Волков приехал на юг так же, как ездил всюду, где хотел увидеть цену своими глазами, — без огласки, зашторенным вагоном до ближней живой станции, дальше машиной по разбитой дороге, которую война и распутица превратили в направление. Власик ехал сам не свой: фронт отсюда ушёл далеко на запад ещё летом, но тыл этот был из тех, что хуже иной передовой, — разорённый, полупустой, с недобитыми по балкам и лесополосам, с дорогами, где машина глохла в грязи посреди степи на виду у кого угодно. Он всю дорогу поминал, что Верховному сюда незачем, а Волков всю дорогу молчал, потому что ездить туда, куда незачем, и было его давней, неисправимой привычкой. Ему и вправду незачем было ехать. Всё, что доложат у ствола, доложили бы и в Москве, бумагой, короче и теплее. Но он давно заметил за собой, что решает вернее, когда постоит сам над тем, о чём решает, — будь то раненые на Пироговке, мёртвый куб на Урале или вот эта затопленная шахта, о которой в сводке стояла одна строка, а строку он не любил принимать на веру, не поглядев, что за ней.
Рудник встретил его тем, чем встречает всякое место, откуда только что ушла война: не развалинами даже, а обглоданностью. Столбы без проводов. Копёр, взорванный и упавший внутрь, лёг поперёк устья ствола ржавой грудой. Барак с одной живой половиной. Снег, серый от угольной пыли и нетоптаный — некому топтать. И тишина, неправильная для рудника, который должен гудеть, а стоял немой, как остановившееся сердце.
У ствола его ждал местный начальник, суетливый и напуганный приездом, которого Волков сразу отодвинул глазами в сторону. Рядом, чуть поодаль, держались люди Власика — не жались к Верховному, но и не выпускали из кольца ни его, ни чёрное устье, ни немногих работных, что были при руднике. А у самой закраины стоял тот, ради кого стоило смотреть, — немолодой, костистый, в замасленной телогрейке поверх ватника, с лицом человека, который тут не встречает, а работает. Этого Волков рассмотрел.
— Вы кто? — спросил он, минуя начальника.
— Костромин. Инженер. Откачник. Меня прислали поднимать эту шахту, товарищ Сталин.
Он назвал себя ровно, без той оторопи, что напала на местного, — не оттого что не понял, кто перед ним, а оттого что понял, но был из породы, у которой работа заслоняет и страх, и почтение: спросили — отвечает, а кто спросил, разберётся потом.
— Поднимать, — повторил Волков. — Ну так покажите, что поднимать.
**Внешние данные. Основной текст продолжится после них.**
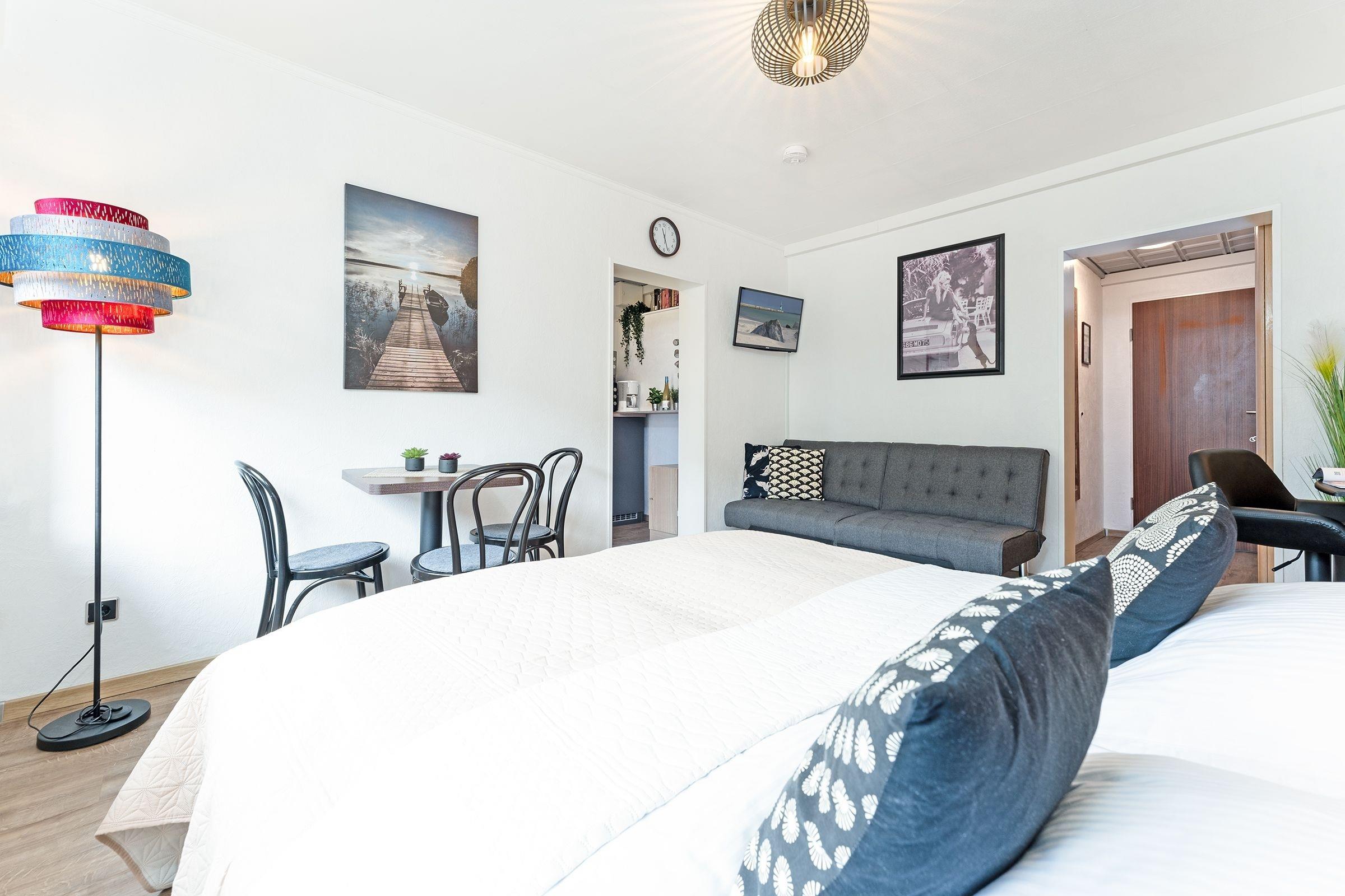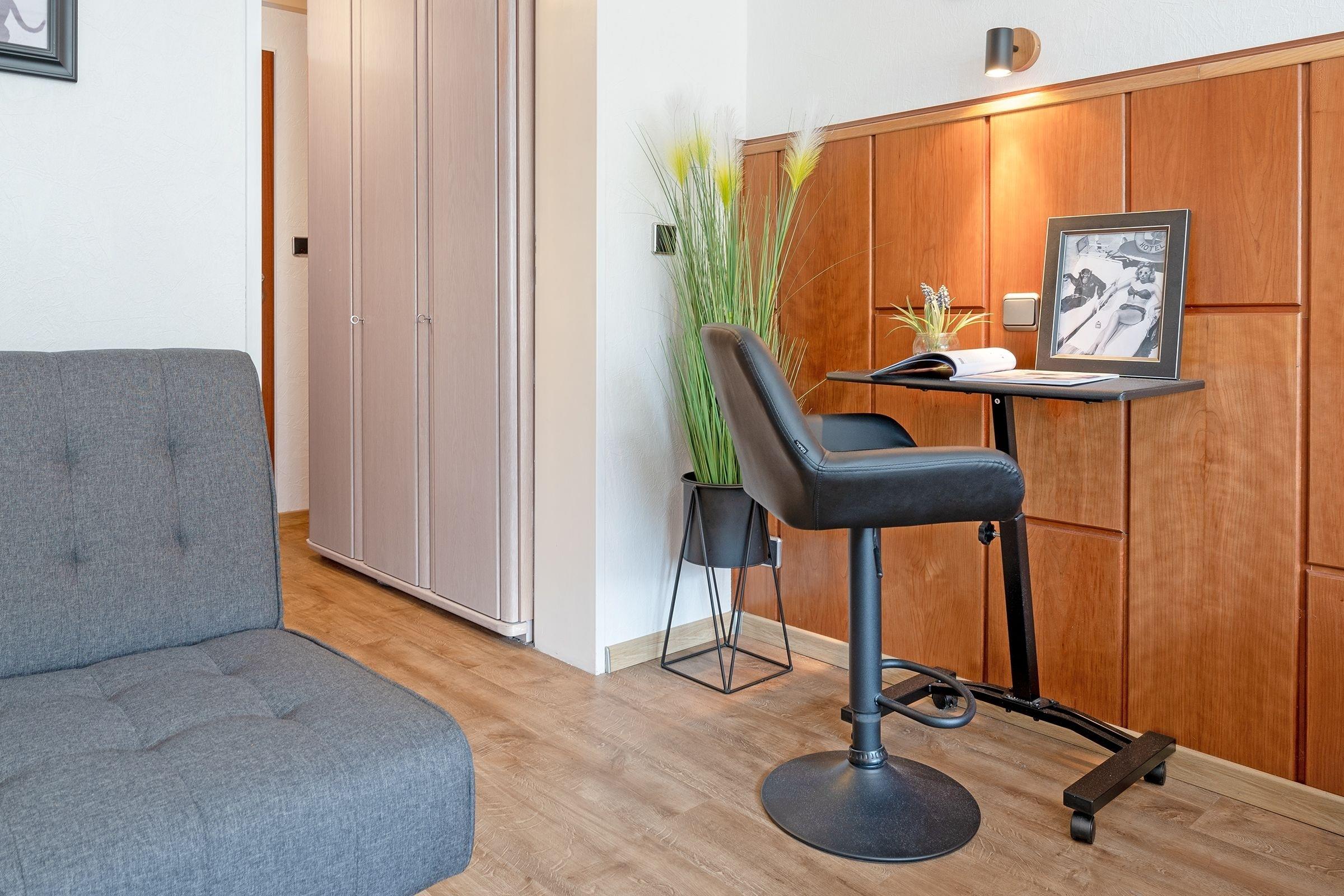 Der Wohn/Schlafbereich ist mit einem gemütlichen Doppelbett (2x 90x200 cm), einem Sofa sowie einem kleinen Laptop-Schreibtisch ausgestattet. In der gut ausgestatteten Küchenzeile geht das Kochen ganz wie von selbst, anschließend können Sie die zubereiteten Mahlzeiten am Essplatz gemeinsam einnehmen. Nach einem erlebnisreichen Urlaubstag entspannt es sich herrlich in der Badewanne im tageslichthellen Badezimmer. Für Unterhaltung sorgen der vorhandene WLAN-Anschluss sowie ein Flachbild-TV.

Не рассказывайте — покажите.
Костромин посмотрел на него — коротко, оценивающе, как смотрит мастер, прикидывая, поймёт ли начальник, если показать по-настоящему, или ему нужно, чтоб покивали и отпустили, — и, видно, решил, что этот поймёт. Он подвёл Волкова к самому устью, к бетонной закраине, у которой громоздился упавший копёр, и показал вниз, в узкую чёрную щель, оставшуюся между обломками.
— Слушайте, товарищ Сталин.
И крикнул в ствол — коротко, резко, одно слово. Волков ждал эха, гулкого, как в колодце глубиной в дом. Эха не было. Был короткий, глухой, сытый звук — голос ушёл вниз, ударился обо что-то близко и вернулся мокрым, придушенным.
— Вода, — сказал Костромин. — Слышите, как близко бьёт? Ствол — за двести метров. Воды в нём — сто шестьдесят. Немец утопил её почти доверху. Стой мы тут с вами до весны и черпай вёдрами — не вычерпаем и на локоть. — Он говорил без надрыва, ровно, как говорят о болезни, которую поздно скрывать. — Тут не вёдра нужны. Тут насосы, большие, и ток, чтоб их крутить. А ни того, ни другого нет.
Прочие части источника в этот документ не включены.